La oración de la Santa Cena nos recuerda todas las semanas cómo se recibe el don de la unidad a través de la obediencia a las leyes y ordenanzas del evangelio de Jesucristo. Si obedecemos los convenios que hacemos de tomar Su nombre sobre nosotros, de recordarlo siempre y de guardar todos Sus mandamientos, recibiremos la compañía de Su Espíritu, lo cual nos ablandará el corazón y nos unirá. Pero hay dos advertencias que deben acompañar a esa promesa:
Primero, el Espíritu Santo quedará con nosotros sólo si nos mantenemos limpios y libres del amor que tengamos por las cosas del mundo. La decisión de ser impuros alejará al Espíritu Santo, pues Él mora solamente con los que eligen al Señor antes que al mundo. “…sed limpios…” (3 Nefi 20:41; D. y C. 38:42) y amen a Dios con todo su “corazón, alma, mente y fuerza” (D. y C. 59:5) no son sugerencias sino mandamientos, y son necesarios para tener la compañía del Espíritu, sin el cual no podemos ser uno.
La otra admonición es que nos cuidemos del orgullo. La unidad de una familia o de un pueblo que se ha hecho humilde por el Espíritu traerá consigo gran poder. Con ese poder se recibirá el reconocimiento del mundo; y ya sea que ese reconocimiento venga acompañado de alabanza o de envidia, puede conducirnos al orgullo, y eso ofendería al Espíritu.
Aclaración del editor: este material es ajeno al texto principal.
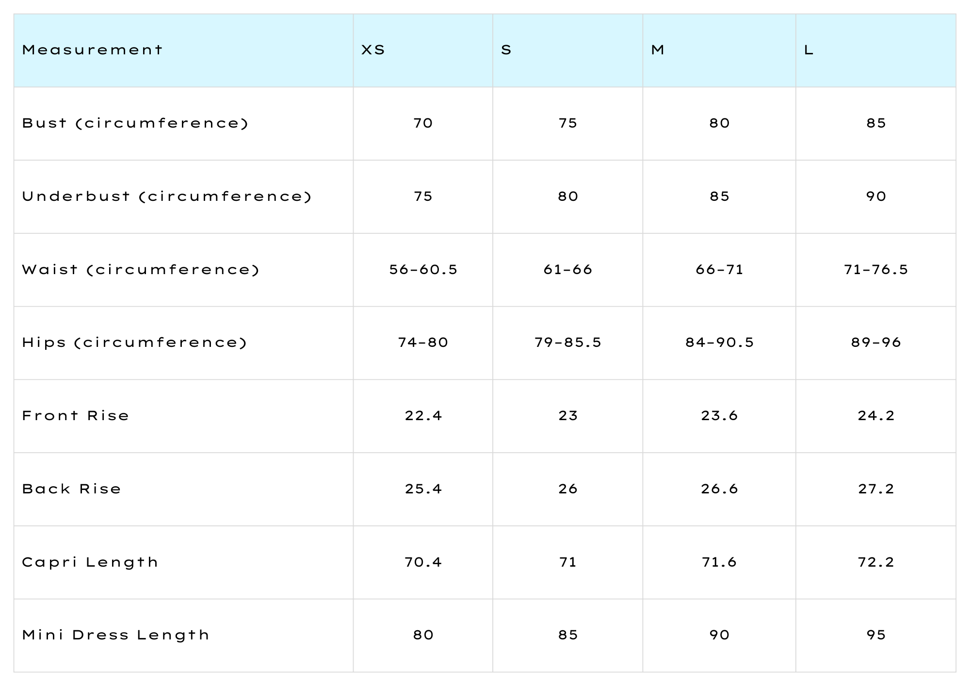 - Low Waist: Measure around your body a few centimetres below your belly button — this is where the Capri Pants naturally sit.
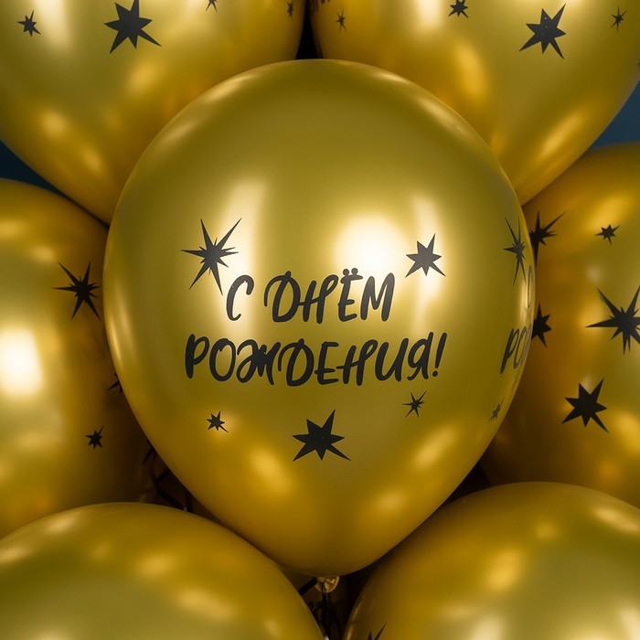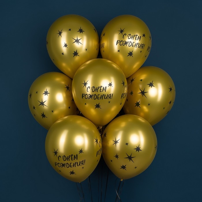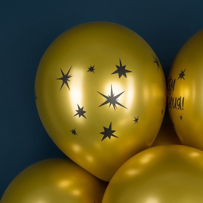 Шар латексный 12" «С Днём Рождения! Звёзды», золото, 4 ст., хром, набор 25 шт., МИКС

Pero existe una protección contra el orgullo, que es la fuente segura de la desunión: consiste en ver las bendiciones que Dios derrama sobre nosotros no sólo como una señal de Su favor, sino también como una oportunidad de reunirnos con los que nos rodean para prestar mayor servicio. El esposo y su esposa aprenden a ser uno empleando sus afinidades para comprenderse, y sus diferencias para complementarse en servirse el uno al otro y en prestar servicio a los que los rodeen. Del mismo modo, podemos unirnos con los que no aceptan nuestra doctrina pero comparten nuestro deseo de bendecir a los hijos de nuestro Padre Celestial.
Podemos llegar a ser pacificadores y merecer así ser llamados bienaventurados e hijos de Dios (véase Mateo 5:9).
Dios nuestro Padre vive. Su amado Hijo, Jesucristo, es la cabeza de esta Iglesia y Él ofrece el estandarte de la paz a todos los que quieran aceptarlo. Que todos vivamos de tal forma que seamos dignos de ese estandarte.